Problem to solve: Restate all entries exactly. Skip the images.

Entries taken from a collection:
::::::::

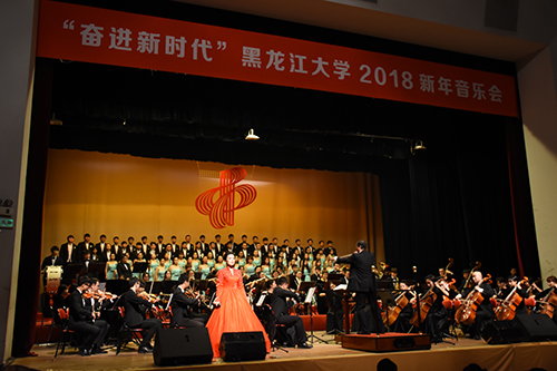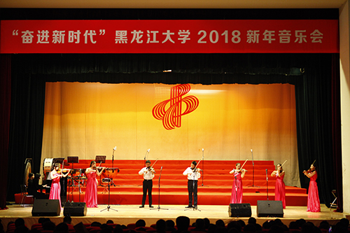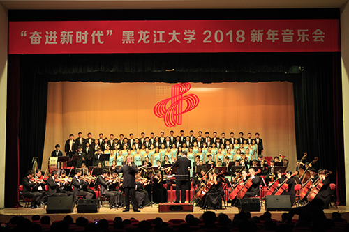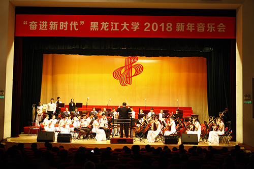 辞旧迎新,共享视听盛宴;继往开来,谱写黑大华章。12月29日,“奋进新时代”我校2018新年音乐会在音乐厅华丽奏响。本次音乐会由党委宣传部、校团委、艺术学院联合主办。校党委书记刘德权,校长付宏刚,党委副书记蒋晶洁、丁宏,副校长陈文远、于文秀,工会主席陈德明,部分离退休领导、职能部门负责人与师生代表一同共享高雅的音乐盛宴。
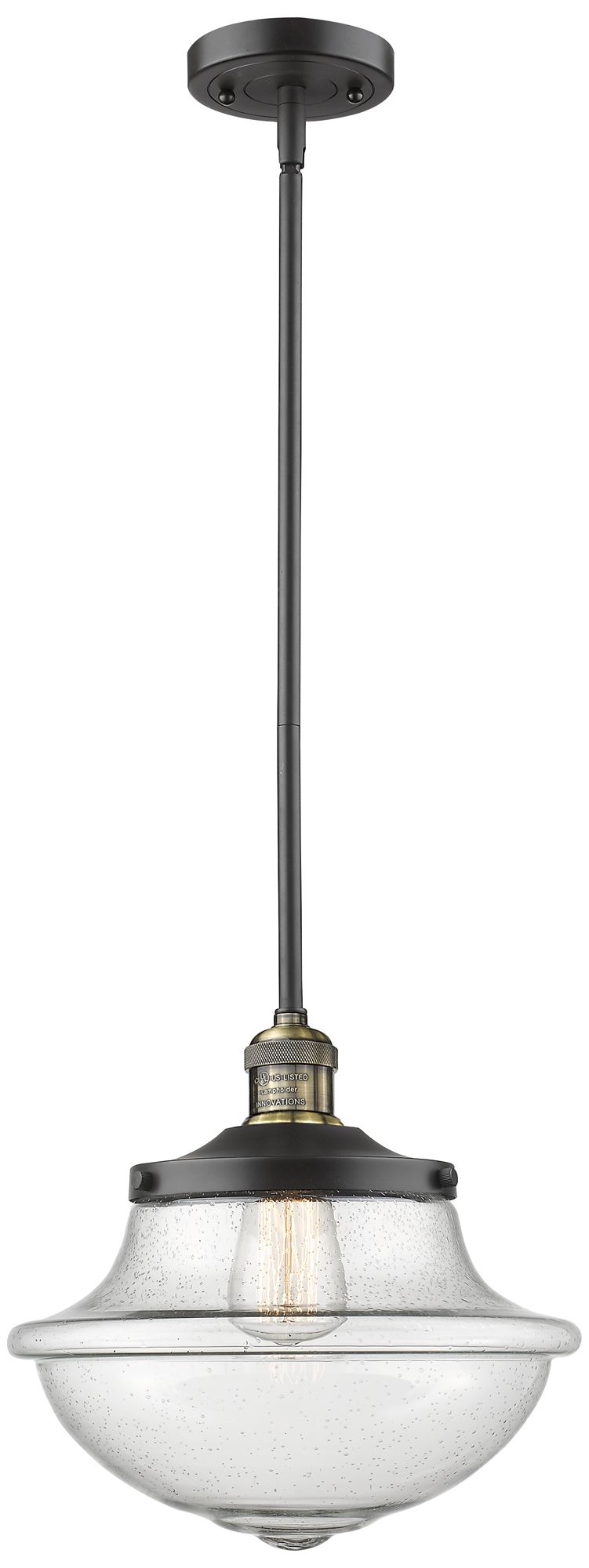 Franklin Oxford 12" Black Brass Stemmed Mini Pendant w/ Seedy Shade
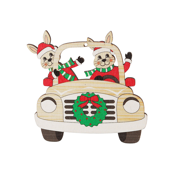 Украшение елочное Кролик на машине деревянный в ассортименте
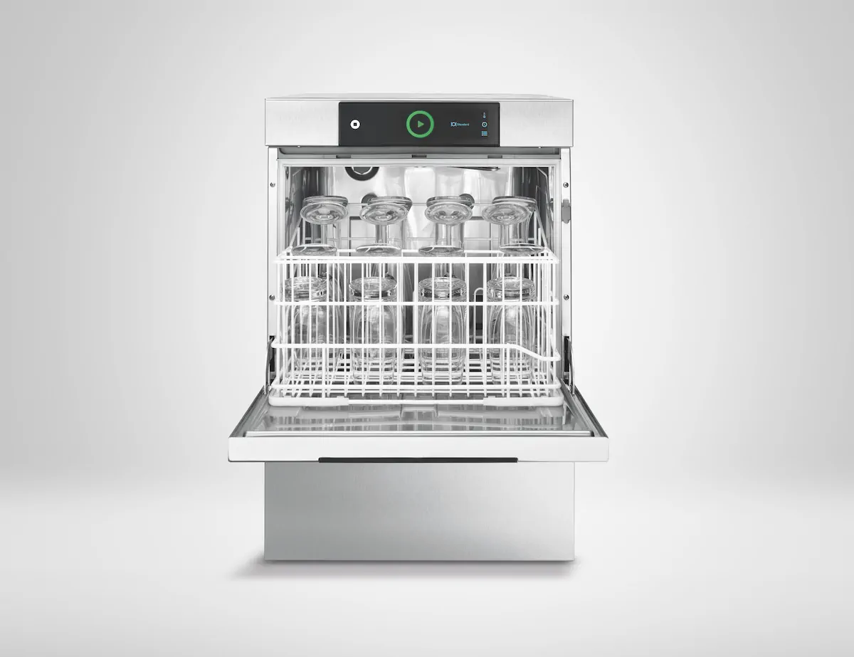 - Compact glasswasher: with an installation height of only 820 mm ideal for narrow places or with integrated reverse osmosis and an installation height of 815 mm ideal for under-counter installation
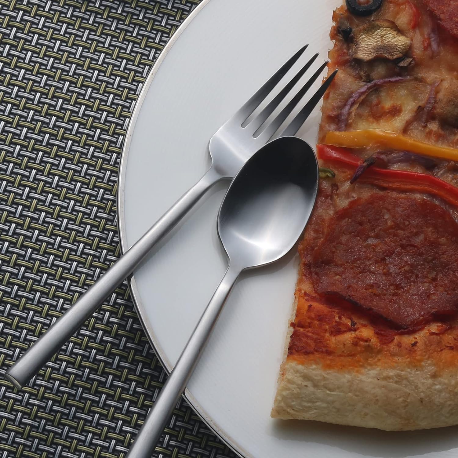 - Modern & Stylish Design: Embrace modern elegance with our silverware set. Its classic round handle shape with satin finish provides a natural and elegant design, and the smooth, silk surface without grain makes it easy to clean. It's a perfect match for those seeking a modern silverware set, a rustic silverware set, or even a unique flatware set
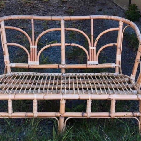 Skønt retro-sæt til gårdhaven, kolonien eller altanen: bestående af lille to-personers sofa, stol og bord med glasplade. Sættet er fra 60’erne og de originale hynder følger med. Trænger til en kærlig lak-hånd. Mål/sofa: L: ca 1 m, B: 58 cm, siddehøjde: 42 cm. Stol: B: 54 cm. Bord: H: ca 50, diameter: 34 cm.
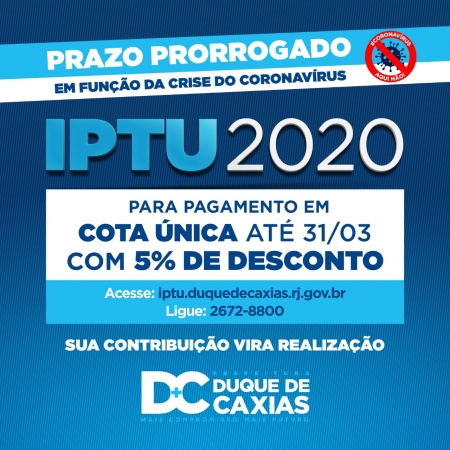 A Prefeitura de Duque de Caxias, através da Secretaria Municipal de Fazenda e Planejamento, decidiu prorrogar o prazo de pagamento do IPTU em cota única. Agora, o contribuinte pode efetuar o pagamento do imposto com desconto de 5% até o dia 31/03. .
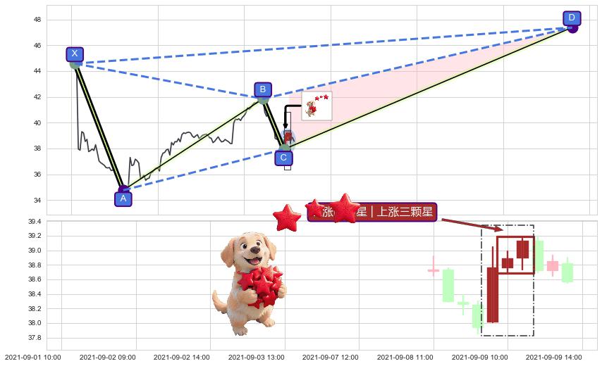 ➣ D点拟合预测价格47.38,距离最后交易收盘价格38.56相差 +22.87%
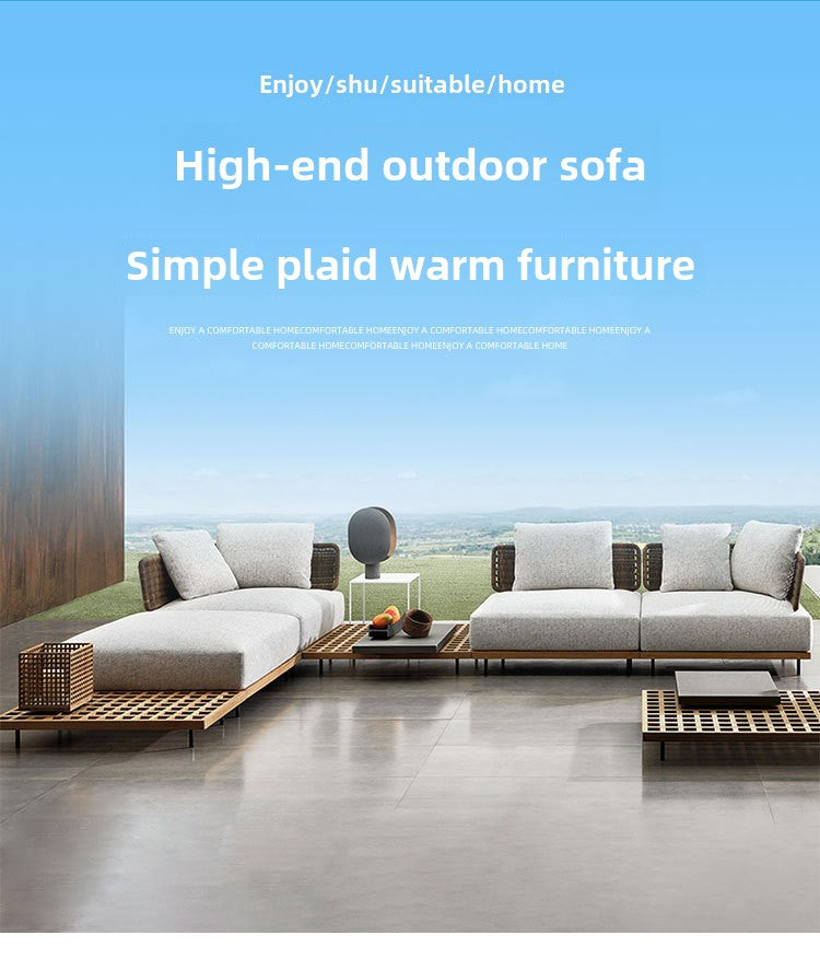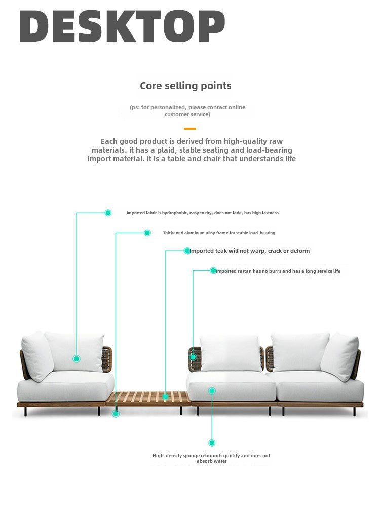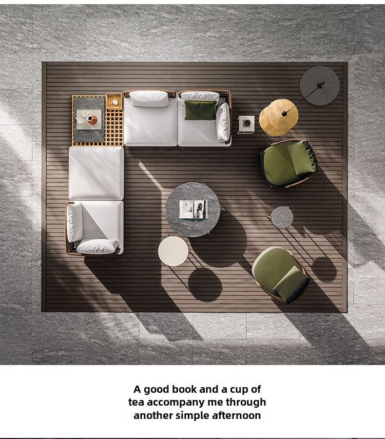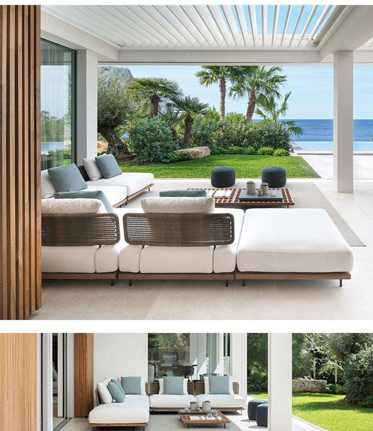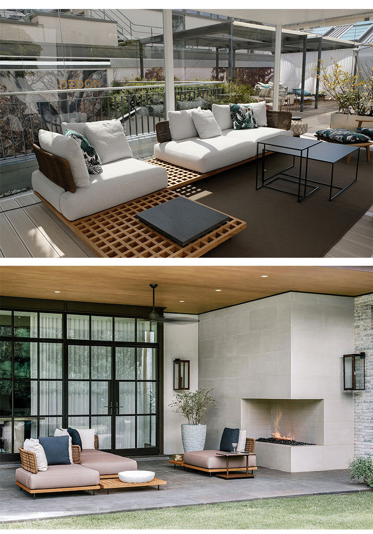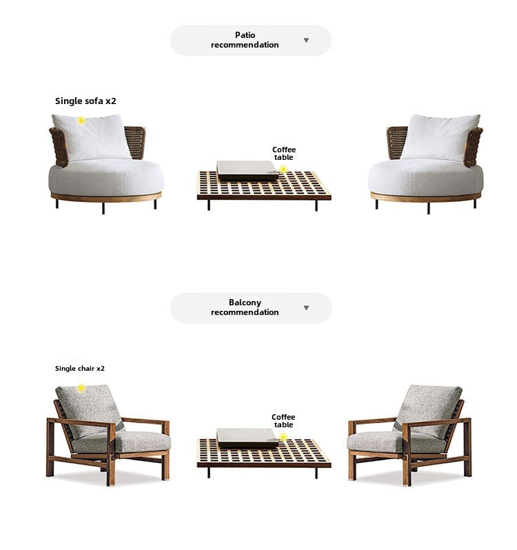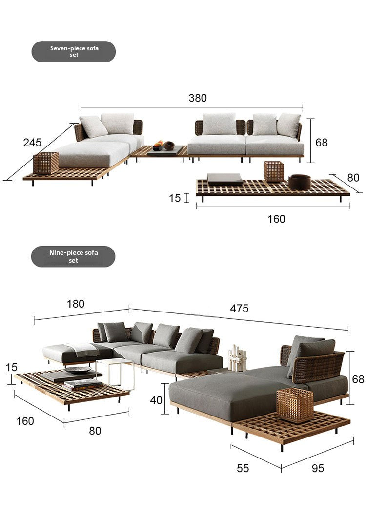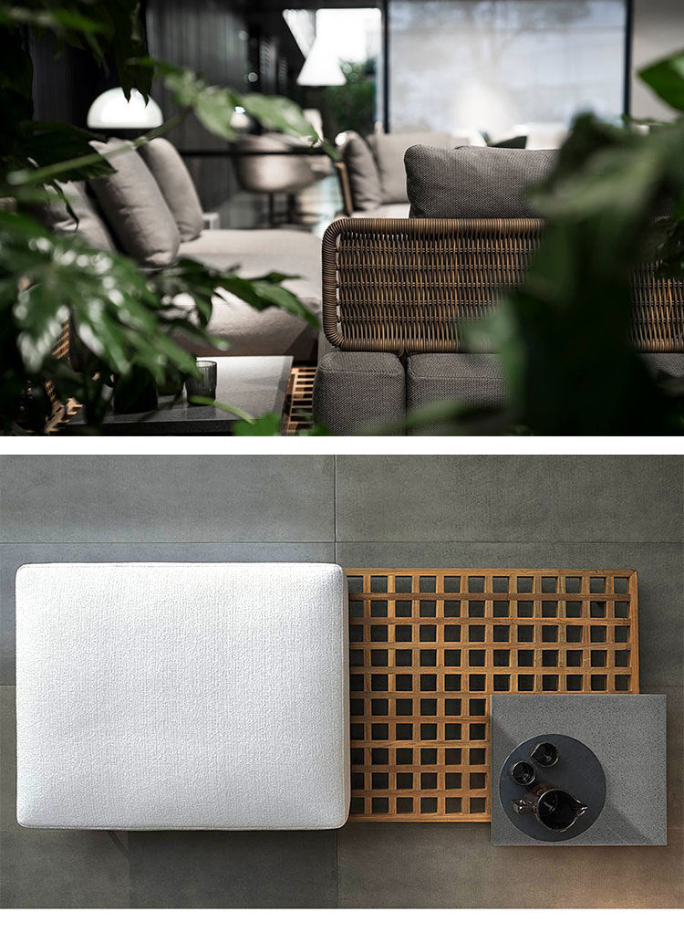 Outdoor Rattan Sofa Courtyard Nordic Solid Wood Garden Balcony Leisure Art Rattan Chair Combination Outdoor Rattan Furniture

::::::::

Response to the exercise:
 辞旧迎新,共享视听盛宴;继往开来,谱写黑大华章。12月29日,“奋进新时代”我校2018新年音乐会在音乐厅华丽奏响。本次音乐会由党委宣传部、校团委、艺术学院联合主办。校党委书记刘德权,校长付宏刚,党委副书记蒋晶洁、丁宏,副校长陈文远、于文秀,工会主席陈德明,部分离退休领导、职能部门负责人与师生代表一同共享高雅的音乐盛宴。
 Franklin Oxford 12" Black Brass Stemmed Mini Pendant w/ Seedy Shade
 Украшение елочное Кролик на машине деревянный в ассортименте
 - Compact glasswasher: with an installation height of only 820 mm ideal for narrow places or with integrated reverse osmosis and an installation height of 815 mm ideal for under-counter installation
 - Modern & Stylish Design: Embrace modern elegance with our silverware set. Its classic round handle shape with satin finish provides a natural and elegant design, and the smooth, silk surface without grain makes it easy to clean. It's a perfect match for those seeking a modern silverware set, a rustic silverware set, or even a unique flatware set
 Skønt retro-sæt til gårdhaven, kolonien eller altanen: bestående af lille to-personers sofa, stol og bord med glasplade. Sættet er fra 60’erne og de originale hynder følger med. Trænger til en kærlig lak-hånd. Mål/sofa: L: ca 1 m, B: 58 cm, siddehøjde: 42 cm. Stol: B: 54 cm. Bord: H: ca 50, diameter: 34 cm.
 A Prefeitura de Duque de Caxias, através da Secretaria Municipal de Fazenda e Planejamento, decidiu prorrogar o prazo de pagamento do IPTU em cota única. Agora, o contribuinte pode efetuar o pagamento do imposto com desconto de 5% até o dia 31/03. .
 ➣ D点拟合预测价格47.38,距离最后交易收盘价格38.56相差 +22.87%
 Outdoor Rattan Sofa Courtyard Nordic Solid Wood Garden Balcony Leisure Art Rattan Chair Combination Outdoor Rattan Furniture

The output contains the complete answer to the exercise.